Dans une première évaluation globale de l'impact des mesures d'endiguement de l'épidémie de Covid-19, l'Insee a estimé jeudi qu'elles entraînaient une perte d'activité d'environ 35% actuellement en France.
Depuis plusieurs semaines déjà, de nombreuses entreprises témoignent des conséquences catastrophiques de l'épidémie, en terme de difficultés logistiques et de ralentissement, voire d'arrêt de leur activité.
Selon l'Insee, cette réalité est surtout perceptible dans les services marchands, qui représentent plus de la moitié du PIB français, et parmi lesquels certains sont très affectés, comme les transports, l'hôtellerie ou la restauration.
Les enseignes du textiles, dont les magasins ont été fermés car jugés non essentiels, craignent purement et simplement pour leur "survie", selon l'Alliance du commerce.
Dans l'industrie (hors agroalimentaire), seule la moitié de l'activité est maintenue. Et seules l'agriculture et l'agroalimentaire résistent au marasme, les Français devant bien continuer à se nourrir en cette période de crise.
Difficile pour autant de déduire de ces évaluations l'ampleur que prendra la récession de l'économie française cette année.
L'Insee se refuse à toute prévision mais estime qu'un mois de confinement se traduirait par 3 points de produit intérieur brut (PIB) en moins sur un an.
Si le confinement devait durer deux mois, la perte de PIB serait de 6 points sur un an.
Mais la situation "est très évolutive", prévient le directeur général de l'Insee Jean-Luc Tavernier.
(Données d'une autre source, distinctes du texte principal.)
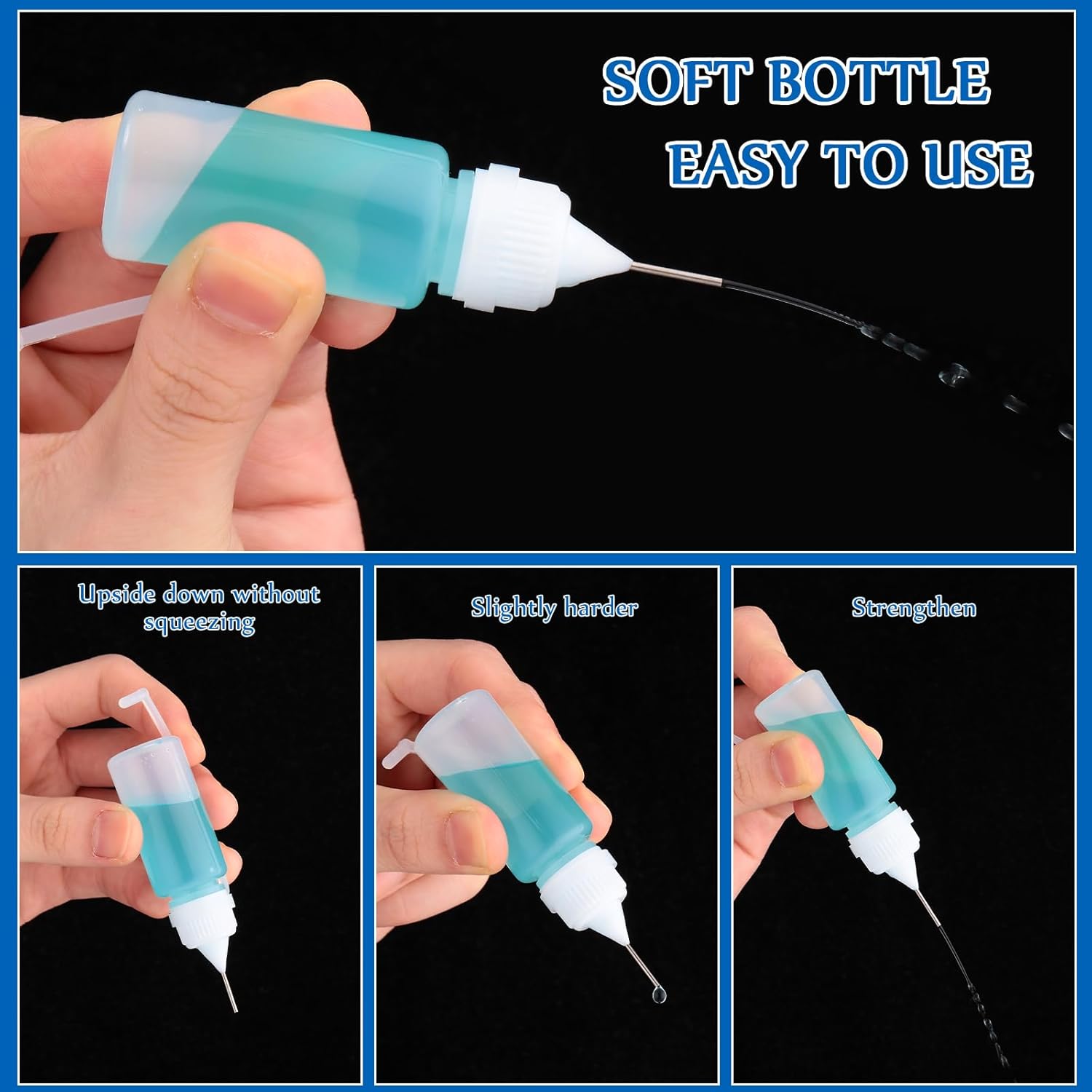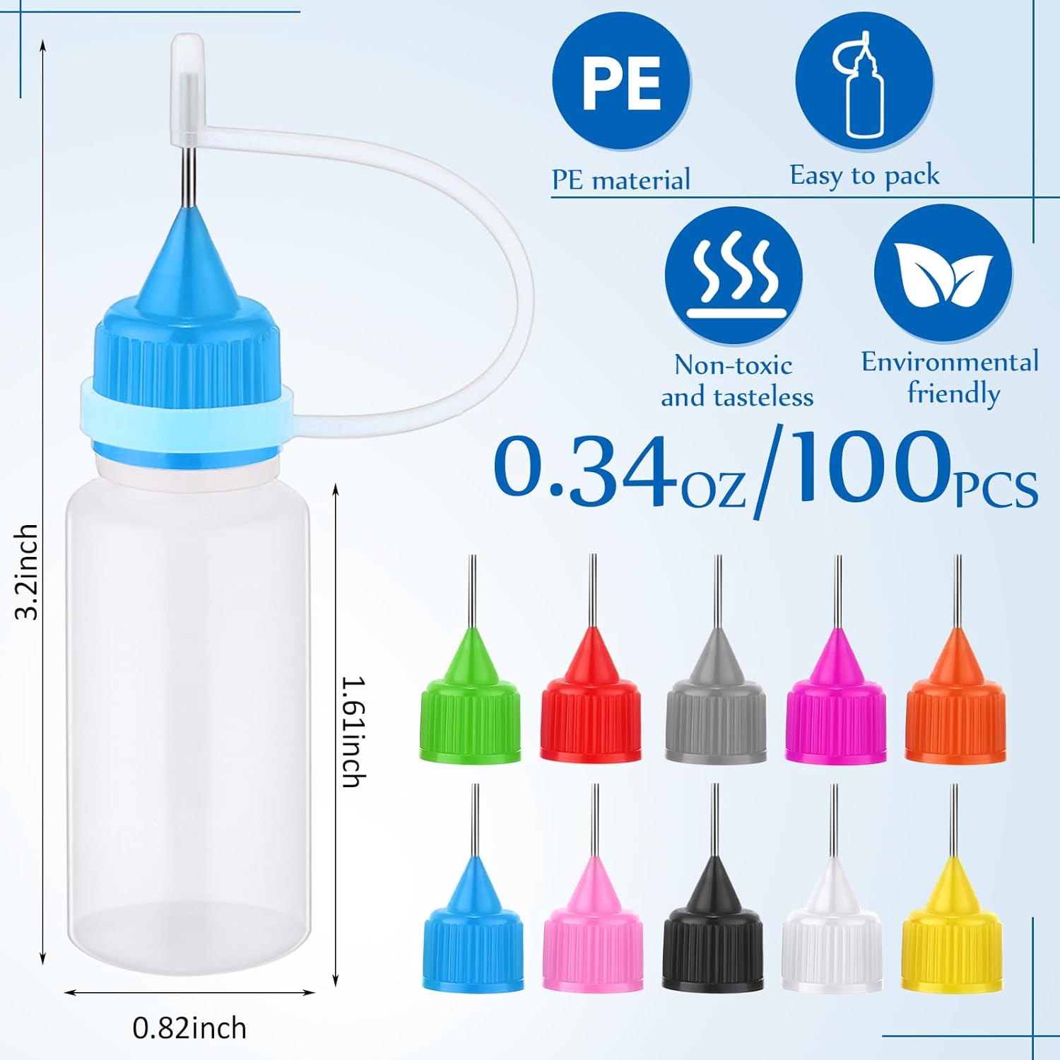 Features: Mini size: The bottle is about 3.2 inches long and can hold 10 ml/ 0.34 oz of liquid. It is small in size, easy to control and more precise in work, suitable for small batch work or detail work. Transparent bottle: The translucent design of the paint bottles can distinguish the liquids of different uses, and can better observe the capacity of the liquid inside. Specifications: Quantity: 100 pieces Main material: PE Color: as the picture shows Size: about 3.2 x 0.82 x 1.61 inches Capacity: about 10 milliliters Package Contents: 100 x Mini squeeze bottles Warm Notice: Please fill squeeze bottle with thin or not too thick liquid to avoid clogging. The opening must be kept clean after use, otherwise the glue will harden at the tip. Please allow differences due to manual measurement. Due to the difference of light and monitor, the color may be slightly different. Poking risk may exist, please put away from little kids.

L'activité "reprend après s'être interrompue" dans les travaux publics et certaines industries, alors qu'à l'inverse "le creux n'est sans doute pas atteint" dans d'autres secteurs comme les services aux entreprises, note-t-il.
Le gouvernement sait bien que son hypothèse annoncée la semaine dernière d'une récession de -1% cette année est déjà obsolète.
Le recul sera "très au-delà" de cette prévision a répété mercredi le ministre de l'Économie Bruno Le Maire.
Pour l'agence de notation Moody's, la France pourrait connaître un recul du PIB de 1,4% cette année, quand son homologue S&P anticipe à ce stade -1,7%.
"Effort long"
L'évolution du PIB sera "très étroitement liée au scénario de sortie de crise sanitaire", souligne pour sa part l'Insee, pour qui "il n'est pas exclu que le retour à la normale ne soit pas immédiat".
La crise sanitaire "sera de plus en plus un choc économique, un choc social", a d'ailleurs prévenu mercredi le Premier ministre Édouard Philippe, évoquant un "effort long" face à l'épidémie, à l'issue d'un conseil des ministres durant lequel le gouvernement a adopté 25 ordonnances de soutien à l'économie, aux salariés et aux entreprises.
Ces dernières ont le moral dans les chaussettes: l'indicateur de climat des affaires publié jeudi par l'Insee a connu en mars sa plus forte chute depuis sa création en 1980.
La plupart des grands groupes français ont suspendu tous leurs objectifs financiers pour cette année et certaines entreprises, à l'image de LVMH et du fabricant de sous-vêtements Eminence, se mettent en mode +économie de guerre+ en réorientant leur production vers des biens indispensables aux services de santé comme les masques de protection ou les gels hydroalcooliques.
Le gouvernement a déployé un plan massif pour soutenir les entreprises, via un élargissement du chômage partiel, des report de charges ou encore un fonds de solidarité pour les petites entreprises et les indépendants.
Mais l'inquiétude persiste: la Confédération des petites et moyennes entreprises (CPME) a par exemple dénoncé des rejets croissants par l'administration de demandes de chômage partiel, une accusation toutefois réfutée par la ministre du Travail Muriel Pénicaud.